3. Efficient Actor Resharding with 3D-HybridEngine
One of RLHF’s biggest bottlenecks is switching an actor model between training mode (requiring optimizer states, gradients) and generation mode (requiring KV cache, high-throughput decoding). Traditional systems duplicate the model or incur heavy communication.
Verl’s 3D-HybridEngine eliminates memory redundancy and minimizes communication during this transition—enabling smooth, high-throughput alternating between rollouts and updates.
4. Scalability and Resource Efficiency
- Scales to hundreds of GPUs with expert and tensor parallelism.
- Supports multi-GPU LoRA for memory-efficient RL fine-tuning.
- Integrates FlashAttention-2, sequence packing, and sequence parallelism for faster training.
- Compatible with AMD ROCm (via FSDP + vLLM/SGLang), with Megatron support in progress.
Ideal Use Cases
Verl is particularly well-suited for:
- Reasoning-focused LLM alignment: Training models that excel at math (AIME), coding (Codeforces), or scientific QA (GPQA), as demonstrated by DAPO, VAPO, and Seed-Thinking-v1.5.
- Massive-scale RLHF: Running PPO or GRPO on models like DeepSeek-671B or Qwen3-235B using Megatron-LM backend.
- Agent training: Multi-turn interactions with tool calling, sandbox execution, or environment feedback—supported via verl-agent and related recipes.
- Vision-language alignment: Applying RLHF to VLMs using multimodal reward signals.
If your team uses Hugging Face models or Megatron-based training pipelines, Verl integrates with minimal friction.
Getting Started Is Straightforward
Verl emphasizes developer experience:
- Install via pip or from source.
- Run a full PPO or GRPO pipeline in minutes using provided recipes.
- Track experiments with Weights & Biases, TensorBoard, MLflow, or SwanLab.

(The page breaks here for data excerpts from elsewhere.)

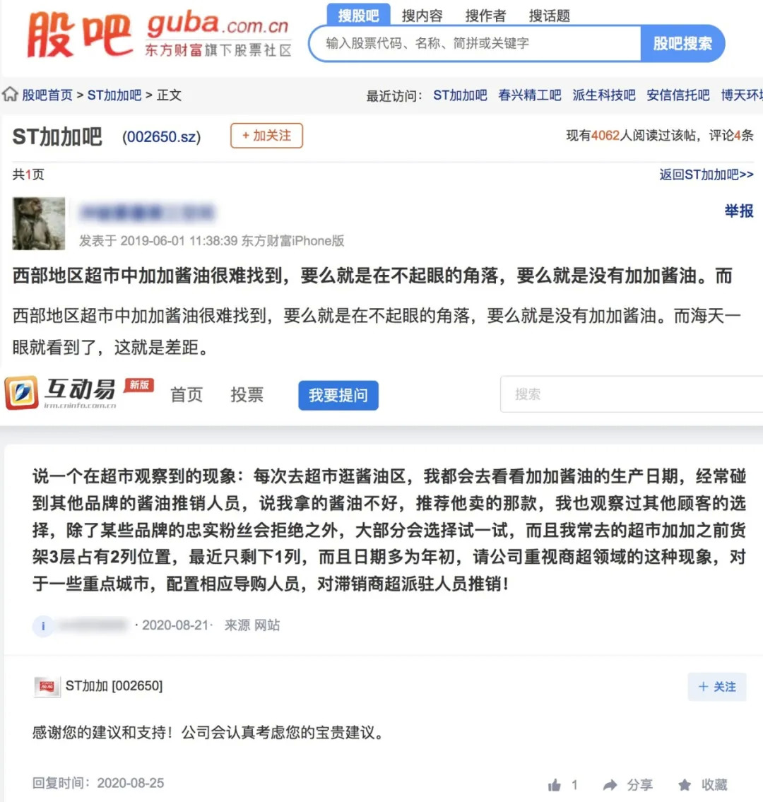 事实上,加加品牌陈列位少、产品难找的情形并非孤例。在投资者互动平台、各种社交平台,时有投资者、消费者抱怨加加产品在商超等线下渠道难以找到,陈列不足,推销不够。
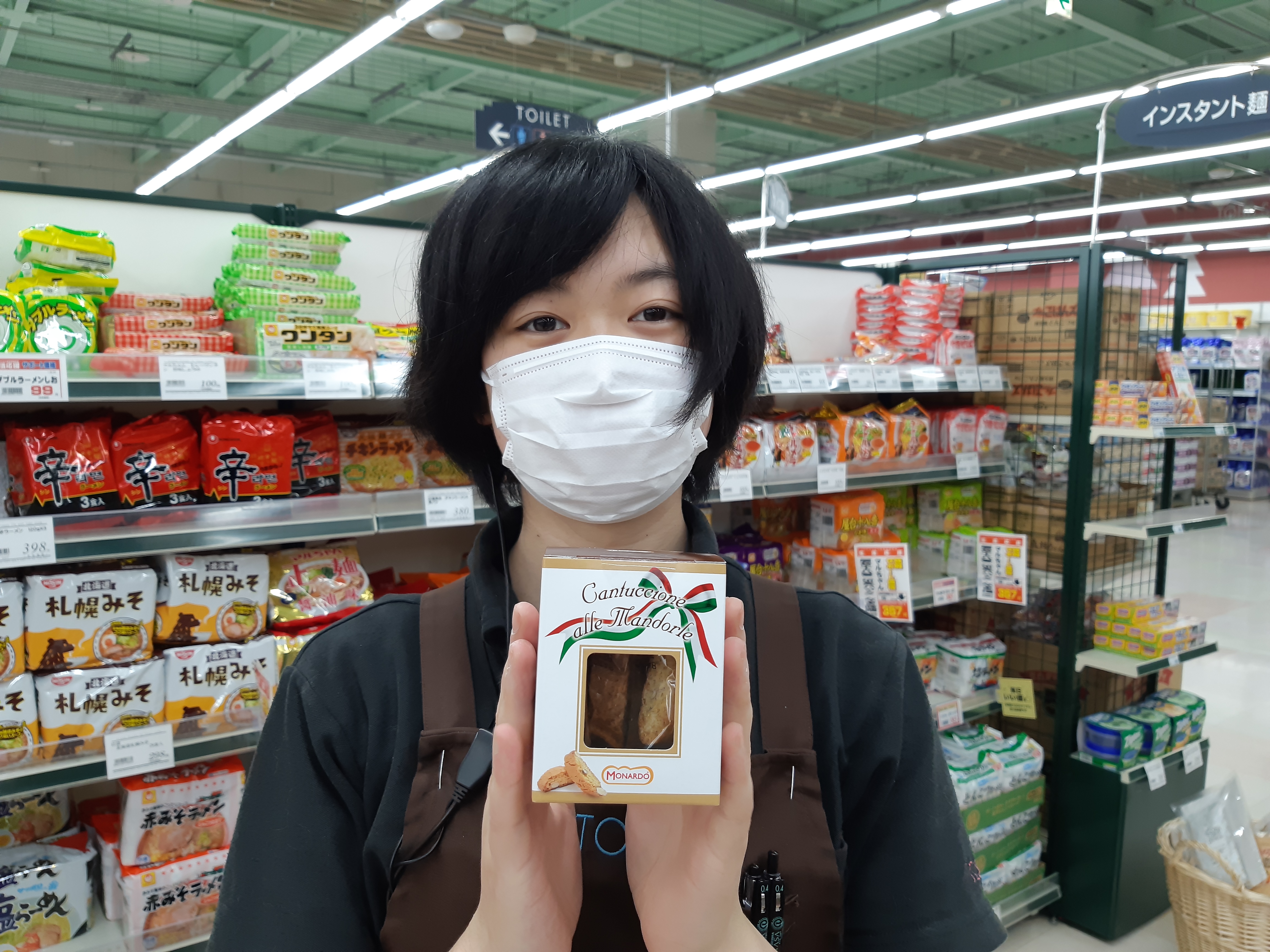 本日、食品担当、船木のオススメはイタリア産アーモンドクッキーがイチオシです、しっかりした歯ごたえで、素朴な美味しさトスカーナ地方の伝統菓子コーヒーに浸して食べるのがイタリア流です通常価格398円の品、99円で販売中数量限定ですので、お早めに、、
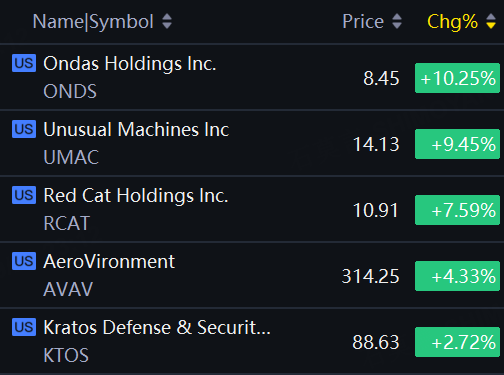 Drone makers jumped on Monday. Ondas Holdings up 10%; Unusual Machines up over 9%; Red Cat up over 7%; AeroVironment up over 4%; Kratos Defense up nearly 3%.

- Extend the framework by implementing new reward functions, adding custom models, or plugging in new backends.
Documentation includes step-by-step guides for:
- Preparing post-training data
- Writing verifiable reward functions (e.g., for code execution or math proof checking)
- Configuring FSDP2 for optimal memory and throughput
- Deploying actor and critic on separate GPU pools
Limitations and Practical Notes
While Verl is highly capable, users should be aware of a few current constraints:
- vLLM version requirement: Must use vLLM ≥ 0.8.2; versions 0.7.x may cause OOM errors.
- AMD (ROCm) support: FSDP + vLLM/SGLang works, but Megatron-LM backend is not yet available on ROCm.
- Advanced features in development: Async/off-policy training, full agent rollouts, and some multi-turn optimizations are on the roadmap (Q3 2025).
- Hardware assumption: Large-scale runs (e.g., 100B+ models) require multi-node, multi-GPU clusters—Verl is not optimized for single-GPU hobbyist use.
Summary
Verl represents a significant leap forward in RLHF infrastructure. By combining algorithmic flexibility, production-grade performance, and deep integration with the modern LLM ecosystem, it empowers researchers and engineers to run RLHF at scale without sacrificing speed, correctness, or extensibility. Backed by real-world deployments—from Doubao-1.5-Pro to AIME-champion models—and an active open-source community, Verl is quickly becoming the go-to framework for serious LLM alignment work.
If you’re building or aligning large language models and need an efficient, maintainable, and future-proof RLHF solution, Verl is worth adopting today.